Detection of GPR1-AS orthologs using RNA-seq data sets

GPR1-AS and Liz expression have been observed in placental tissues, blastocyst-to-gastrulation embryos, and/or ES cells in humans and mice (Kobayashi et al. 2009; Kobayashi et al. 2012; Kobayashi et al. 2013; Duffie et al. 2014). Public human tissue RNA-seq data sets show detectable GPR1-AS transcription in the placenta, albeit at a relatively low level (RPKM value of around 0.45–1.8), but significantly suppressed in other tissues (Supplemental Fig. S1) (Fagerberg et al. 2014; Duff et al. 2015). To identify GPR1-AS orthologs across different species, we performed transcript prediction analysis using short-read RNA-seq data from multiple mammalian placentas and extra-embryonic tissues.

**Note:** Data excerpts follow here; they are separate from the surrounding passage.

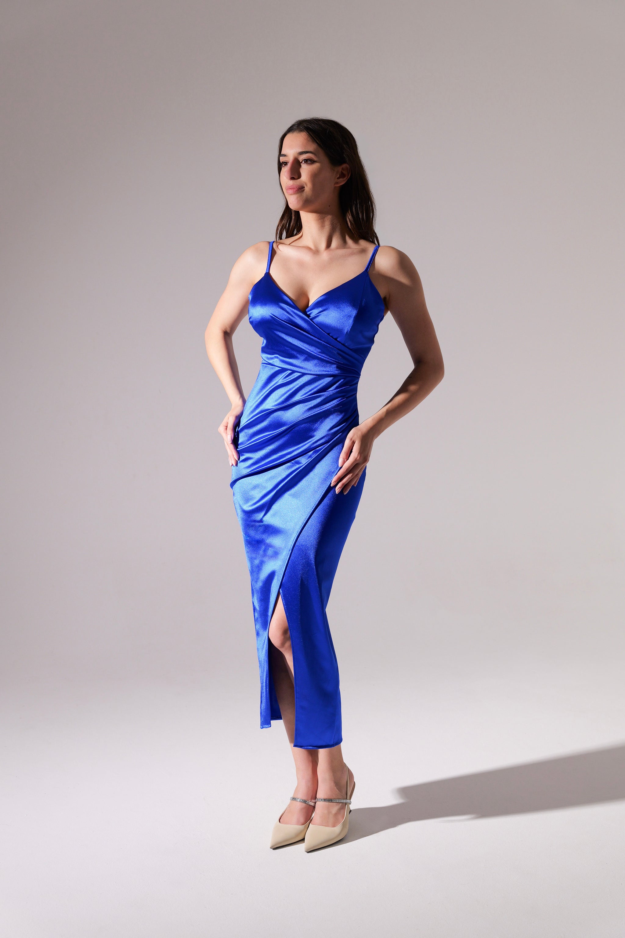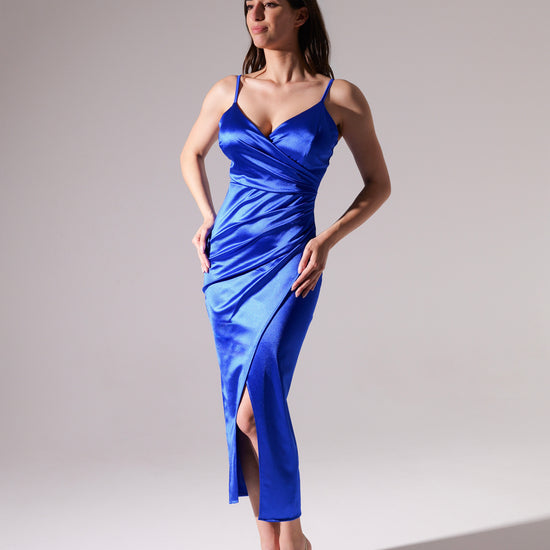 Rochie lungă din satin drapat Aurora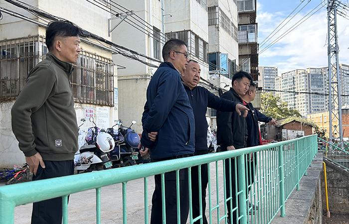 匡浩一行全面了解小區(qū)物業(yè)的安全管理、環(huán)境衛(wèi)生和工作人員生活情況,并提出工作要求。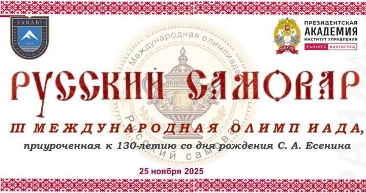 25 ноября 2025 года на базе Волгоградского института управления — филиала РАНХиГС пройдет III международная онлайн-олимпиада «Русский самовар», приуроченная к празднованию 130-летия со дня рождения великого русского поэта С.А. Есенина.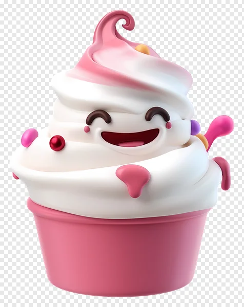 Download this adorable free PNG of a smiling ice cream cupcake! This delightful 3D rendered dessert features creamy white swirls with vibrant pink accents, topped with colorful sprinkles and a cheerful, emoji-like face. It's the perfect sweet graphic to bring joy to any project, whether for websites, apps, presentations, social media, or digital art. Enjoy the high-quality image with its transparent background, allowing for seamless integration into your designs. Get your free cute dessert PNG today and add a playful, delectable touch to your visual content!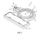 FIG. 14 is a perspective view of the anti-theft tag ofFIG. 1 used with another exemplary product having a ridged portion according to the present disclosure; and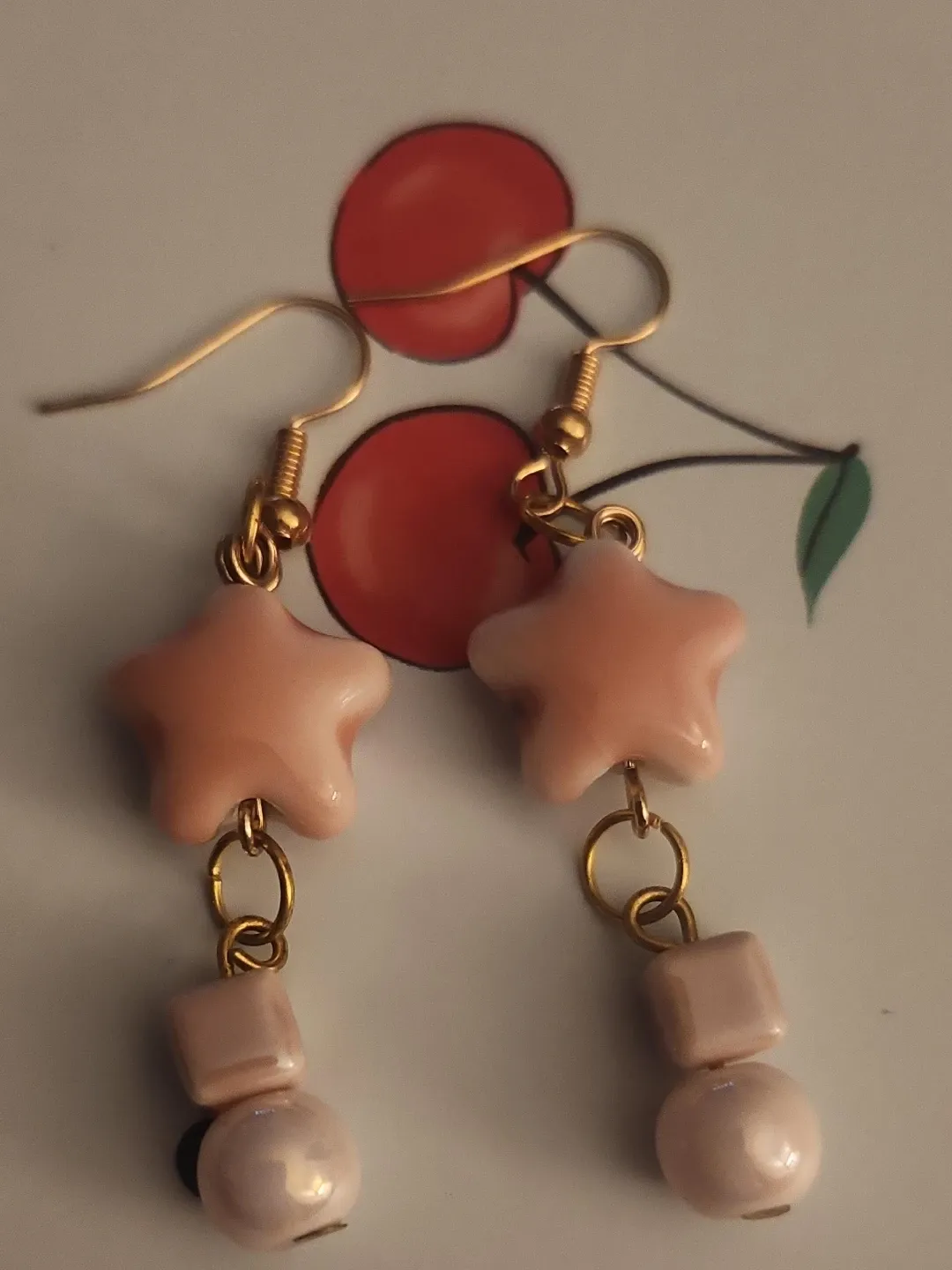 Cute dangle earrings with pink star charms. Features small pink cube and pearl-like beads. Great for adding a touch of fun to your outfit!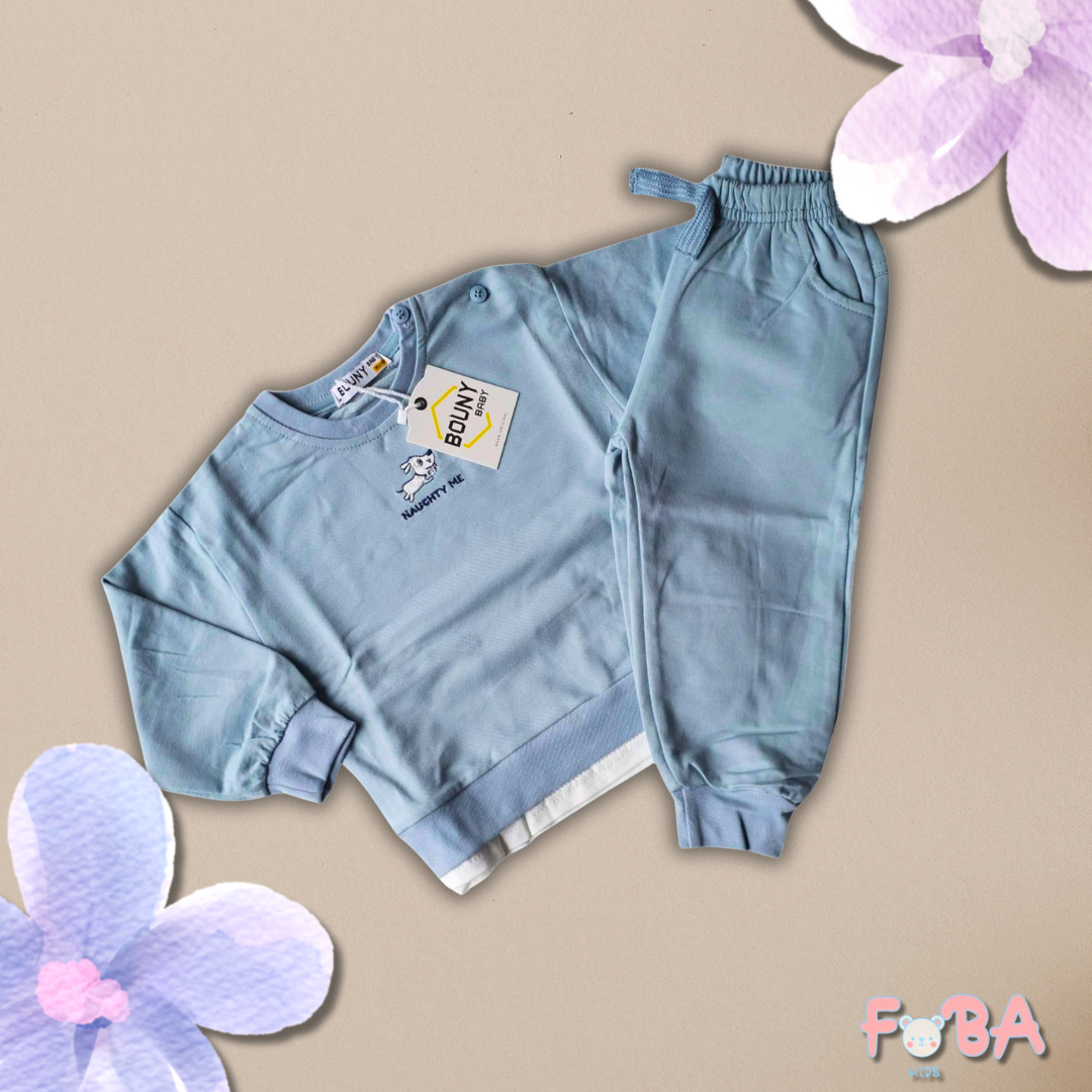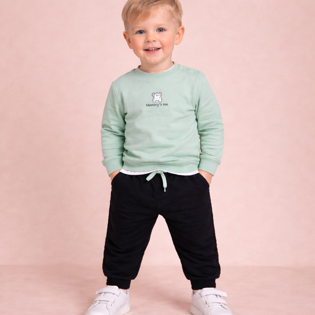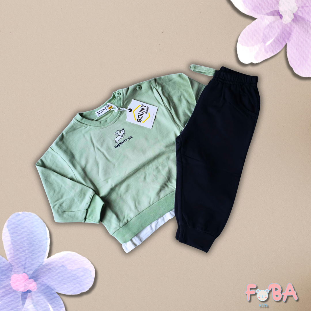 Il set include una felpa morbida e traspirante, studiata per offrire il giusto comfort senza appesantire, e pantaloni tipo tuta che garantiscono una vestibilità pratica e piacevole.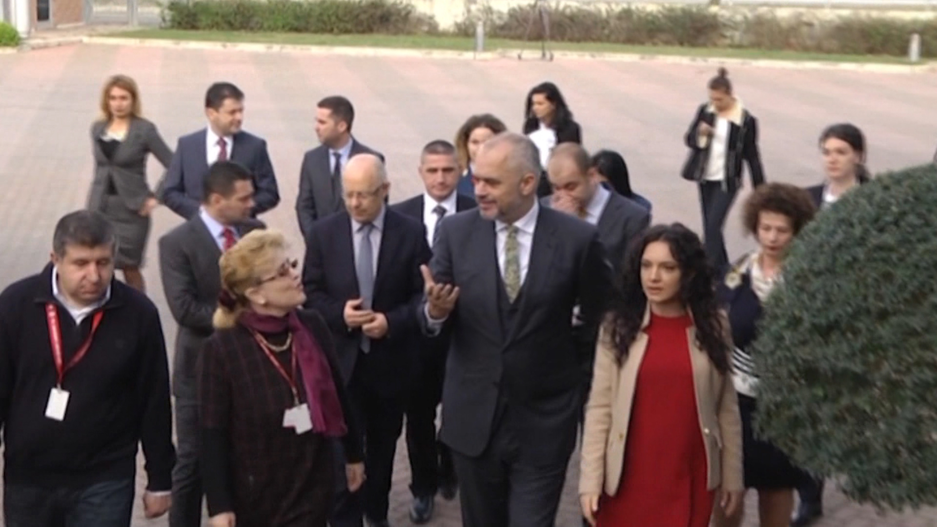 Drejtoresha Spiropali është shfaqur sot përkrah kryeministrit në këtë aktivitet, teksa kishte veshur një fustan të kuq, i cili nxjerr në pah barkun e saj të rrumbullakosur.

First, we downloaded the placental RNA-seq data from 15 mammals: humans, bonobos, baboons, mice, golden hamsters, rabbits, pigs, cattle, sheep, horses, dogs, bats, elephants, armadillos, and opossums (Armstrong et al. 2017; Mika et al. 2022). These datasets were generated using conventional non-directional RNA-seq (also known as non-stranded RNA-seq), which does not retain information regarding the genomic element orientation of the sequenced transcripts. In addition, library preparation methods and the amount of data varied significantly among the datasets, ranging from millions to tens of millions (Supplemental Table S2). Although transcriptional analysis of these datasets identified transcripts such as GPR1-AS in human and baboon placentas, the structures of these predicted transcripts were so fragmented that their full-length forms could not be robustly determined (Supplemental Fig. S1). Furthermore, we did not observe such a transcript at the Gpr1-Zdbf2 locus in the mouse placental data, where Liz is known to be expressed. This suggests that conventional RNA-seq datasets may not be sufficient to accurately detect GPR1-AS in different species.

Next, we downloaded directional RNA-seq data (also known as strand-specific or stranded RNA-seq, which can identify the direction of transcription) from the human placenta, rhesus macaque trophoblast stem cells, and mouse embryonic placenta (Nesculea et al., 2014; Rosenkrantz et al. 2021). These RNA-seq datasets contain tens of millions of reads. In each of these deeply sequenced datasets, transcripts such as GPR1-AS (and Liz in mice) were detected, which were transcribed from the GPR1 intron in the opposite direction to GPR1 towards the ZDBF2 gene (Fig. 1). Thus, GPR1-AS transcripts can be identified in placental tissues using deep directional RNA-seq data.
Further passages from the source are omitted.